The estimates were obtained by weighted maximum likelihood with the MML item parameter estimates imputed as constants. Note that a certain observed score on the second booklet represents a higher ability level than the same score on the first booklet.
This is as expected, because the second booklet was more difficult. In Table 8.1, it can be seen that the mean difficulty of the first booklet is −.75, while the mean difficulty of the second booklet is 0.75. In Table 8.2, it can be seen that −0.75 and 0.75 are indeed the locations on the latent scale where the respondents administered the first and second booklet attain the smallest standard errors.

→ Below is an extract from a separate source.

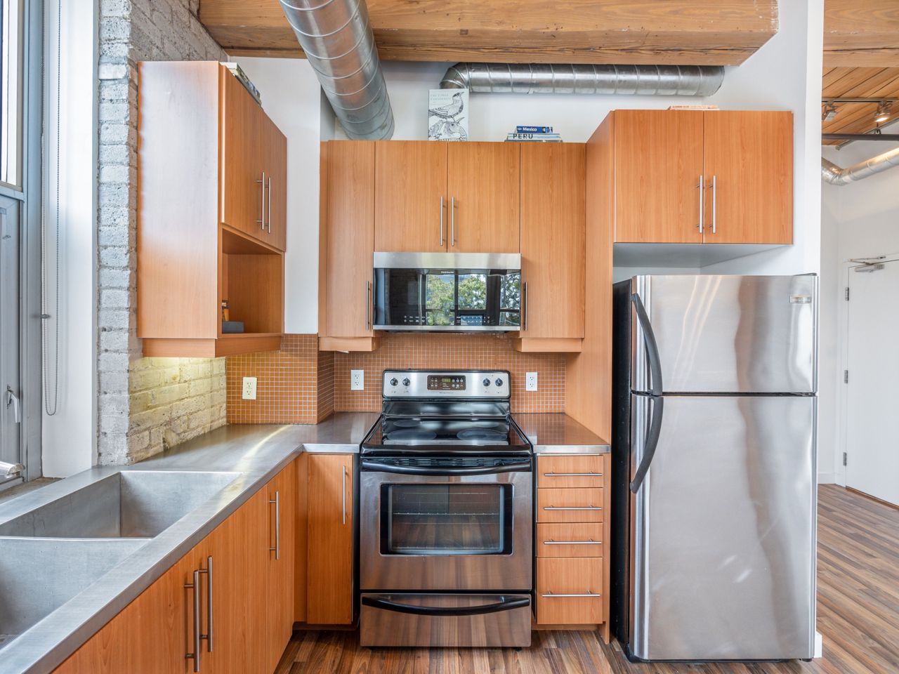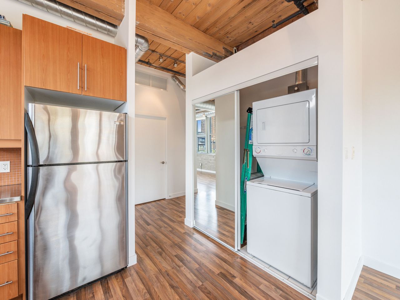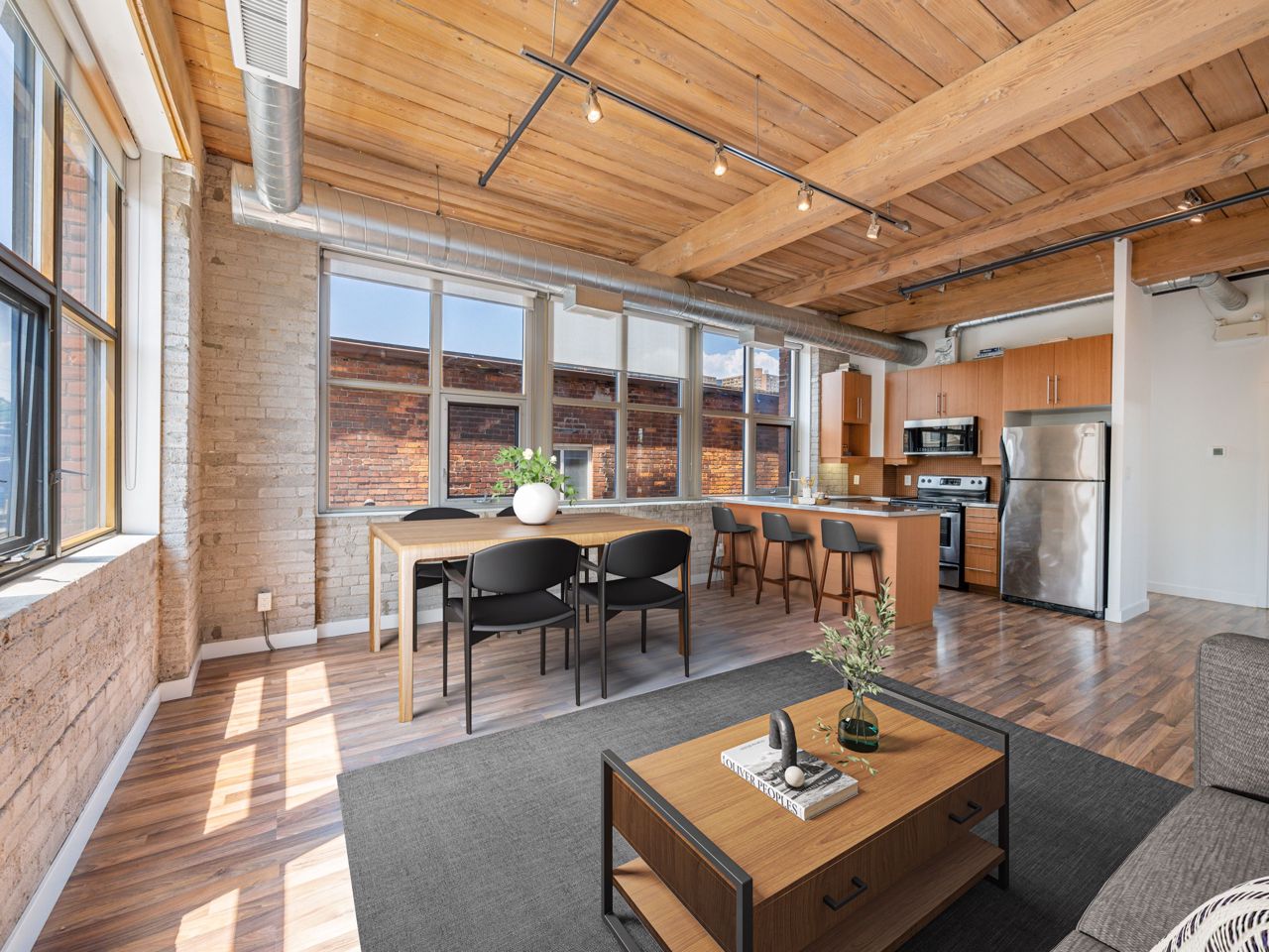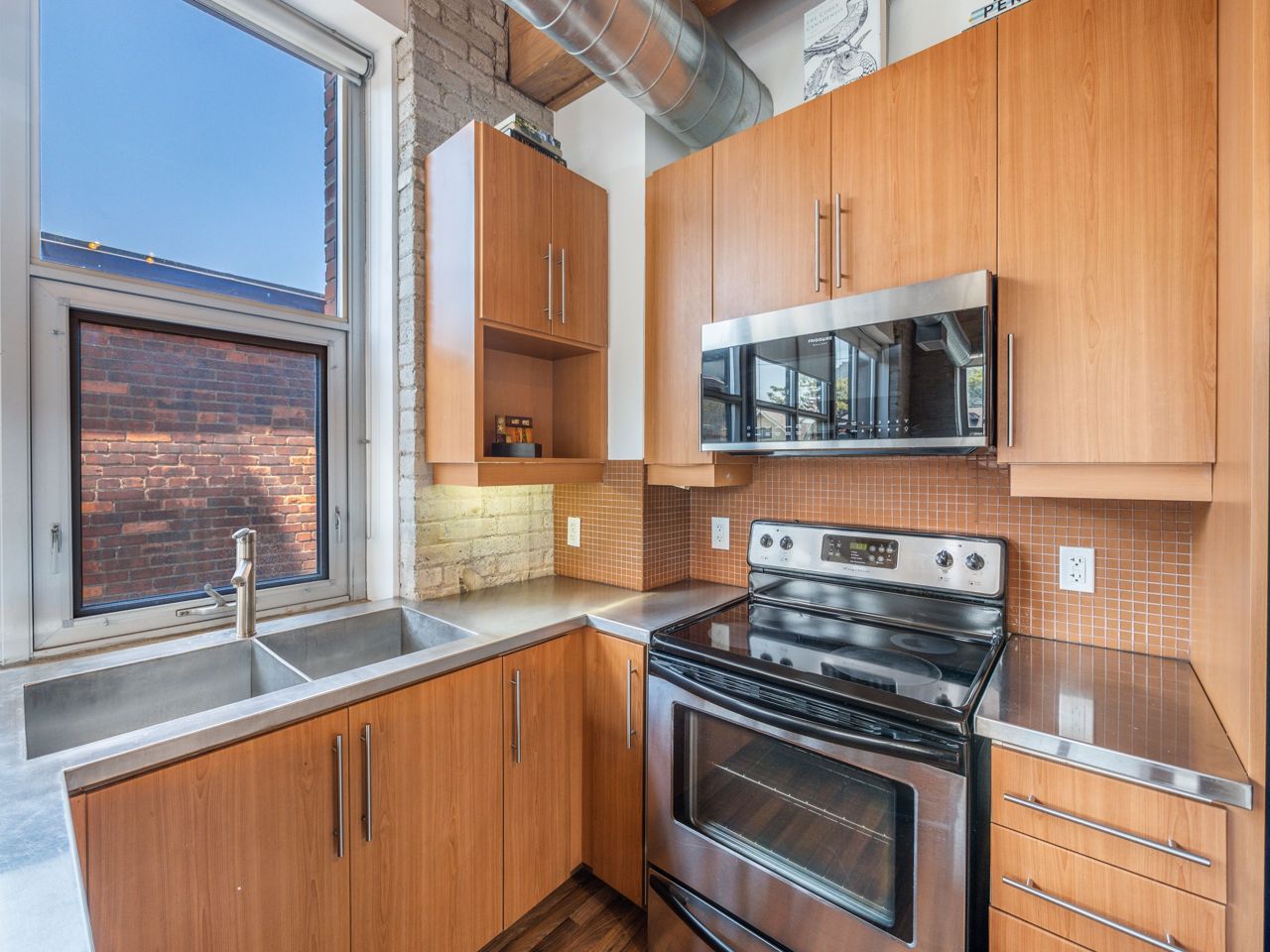 Beautiful, Light-Filled SW Facing 1 Bedroom Corner LOFT In Charming Historic Feather Factory Lofts In Roncesvalles Village. Original 11' Ceilings & Original Exposed Beams, Wood Ceilings, Exposed Brick & Glazed Warehouse Style Windows Make This Home A Pleasure To Live In. Move-In Ready, Wall-To-Wall Windows. Open Concept Living Space With Excellent Flow, Warm Toned Floor, Modern Kitchen With Stainless Steel Appliances & Counter Tops. Large Windows Flood Open Layouts with Natural Light. Beamed ceilings & Exposed Brick Provide Authenticity here in spades. Even Walking Down the Hallways is Inspiring, with Soaring Ceilings, Brick Walls & Antique Beams & Radiators. Services All Your Public Transportation Needs. Steps To Roncesvalles Avenue, Cafes & Shops, The Junction. Walk Or Ride To Lakefront, High Park & Sorauren Farmers Market. A Roncie Must See!! Popular Bandit Brewery is steps away, The Subway & Loblaws are Around the Corner.The Suites at the Feather Factory Lofts are Designed in an Open Concept Fashion, Partitions Walls are Added in Order to Separate Rooms. On Top of the Heritage Exclusivity Offered the Number of Suites are small.

Table 8.2 Ability Estimates Obtained in a Multi- Stage Testing Design.
Booklet 1 Booklet 2
Score Freq θ Se(θ) Freq θ Se(θ)
0 13 −3.99 1.83 0 −3.47 1.85
1 28 −2.80 .96 0 −2.26 .97
2 57 −2.19 .75 0 −1.63 .76
3 81 −1.75 .65 0 −1.16 .67
4 112 −1.38 .60 0 −.78 .61
5 171 −1.06 .57 0 −.44 .58
6 186 −.76 .55 20 −.13 .56
7 193 −.47 .55 96 .15 .55
8 162 −.18 .55 123 .45 .55
9 105 .10 .56 158 .74 .56
10 38 .41 .58 132 1.04 .57
11 0 .75 .61 130 1.37 .60
12 0 1.12 .66 86 1.74 .66
13 0 1.587 .764 53 2.187 .755
14 0 2.215 .972 46 2.800 .963
15 0 3.426 1.851 10 3.995 1.837
The example shown here is a two-stage testing design. Of course, the design can be branched further, for instance, with four tests in the third stage, eight tests in the fourth stage, etc. A limiting case of multistage is computerized adaptive testing (CAT). Here, every test administered consists of one item, and every item administered is selected from an item bank in such a way that the item parameters and the running estimate of ability are matched to obtain maximum precision. A good introduction to CAT can be found in the introductory volume edited by Wainer (1990), for a more advanced overview refer to van der Linden and Glas (2000). With the advent of powerful computers, application of CAT in large-scale high-stakes testing programs has taken a high flight. Well-known examples in the United States are the Nursing-licensing exam (NCLEX/CAT) by the National Council of State Boards of Nursing and the Graduate Record Examination (GRE). Ever since many other large-scale testing programs have followed. It seems safe to state that at the moment the majority of large-scale testing programs either has already been computerized or are in the process of becoming so. The main motivations for CAT are: (1) CAT makes it possible for students to schedule tests at their convenience; (2) tests are taken in a more comfortable setting and with fewer people around than in large- scale paper-and-pencil administrations; (3) electronic processing of test data and reporting of scores is faster; and (4) wider ranges of questions and test content can be put to use (Educational Testing Service, 1996). In the current CAT programs, these advantages have certainly been realized and appreciated by the examinees. When offered the choice between a paper-and-pencil and a CAT version of the same test, typically most examinees choose the CAT version.